Ulla Lipponen (Ed.)
Kaistapää, Kuvakirjoituksia ja piirrospähkinöita (Pictorial puzzles and answers). Suomalainen Kirjallisuuden Seura. Helsinki 1999. 199 p.
The subsequent anthology of Finnish children lore, compiled and edited by Ulla Lipponen, focuses on puzzles presented by graphical images and complements the two preceding anthologies published in the same series. Jauhot suuhun, or «Struck Dumb» (1995) contains mostly jocular riddles and conundrums, Sika sumussa, or «Pig in a Fog» (1997) contains riddles of the droodle type. The material of the third anthology could also be categorised as riddles, or, to be more particular, the subtypes of this genre, although the categorisation is far too general and requires further specification. The jocular purpose of most of the humorous and absurd riddles and answers is so manifest that they could be easily classified as anecdotes. In case of riddles of the droodle type, however, the comic purpose is less noticeable. The material of the third volume of the series serves primarily a playful function, the largest of the volume's 11 rubrics attracts the readers to solve rebuses (197 of the total 483 puzzles). Other riddles are divided into tiny rubrics on the basis of a dominant feature, according to the shape or material: puzzles with matchsticks (buttons, coins, etc.), manipulation with combinations of letters or figures, reckoning a person's age by the 'portrait' depicted in figures, etc. Other riddles, except rebuses, require additional oral formulation of the task, e.g.: How do you get two triangles by relocating two matchsticks? (no. 25); Use two straight lines to divide a horseshoe into separate parts with each part holding one nail (no. 136); Count the triangles on the figure (no. 144 -147); Point out the mismatching figure (no. 198); Draw a cat at one go. You cannot raise your pen from the paper, nor can you draw a line twice (no. 218); Form a square out of the pieces (no. 242); Which of the flowers is bigger? (no. 477). The compiler of the volume has opted out the attempt to subcategorise the material by reason of the obscure genre categorisation of the given material. For example, a rubric of tasks concerning optical illusion entitled «Would you believe your own eyes?» includes several riddles which might as well belong under the category of riddles of the droodle type (Nos. 463, 465, 470, 473,475, 478).
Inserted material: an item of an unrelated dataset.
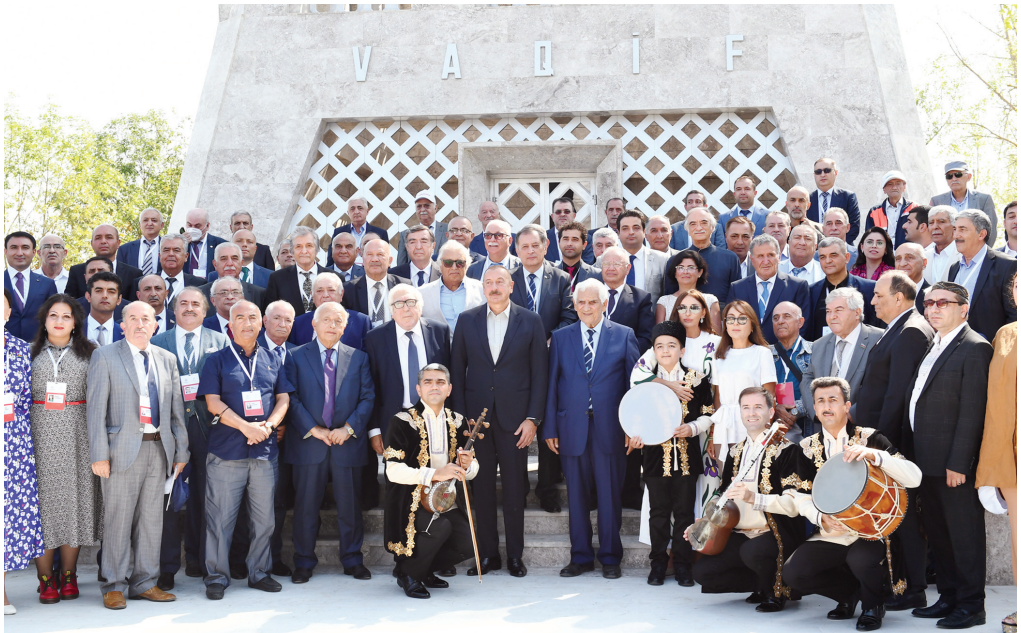
Şuşada "Vaqif Poeziya Günləri"nin açılışı. 30 avqust 2021-ci il

U. Lipponen reveals in the afterword to the anthology that the material was contributed to the folklore archives largely from direct surveys among school children conducted on her own initiative or responses to written questionnaires during the past couple of years. Similar material has been contributed to the archives in the course of earlier collection work (1926, 1962, 1967). So, we are basically concerned with updating a phenomenon which in the early 20th century was registered as a hobby.
The popular terminology available on the material is diverse, much as the material itself; there is no uniform term for it. Among some 25 introduced terms, some are based on genre, some on function, etc., which could be rendered as e.g. pictorial puzzle, riddle story, pictorial language, trick task, game of figures, matchstick story, intelligence test, etc.
The border between riddles and children's games is obscure. Apparently, children are first introduced to the above mentioned riddles by the peer group, or learn them from elder children or grown-ups; sometimes, schoolteachers have given them trick tasks to solve, or they always have and continue to find them from publications. Although the Internet is widely used by today's schoolchildren, it is not mentioned as a mediator of lore.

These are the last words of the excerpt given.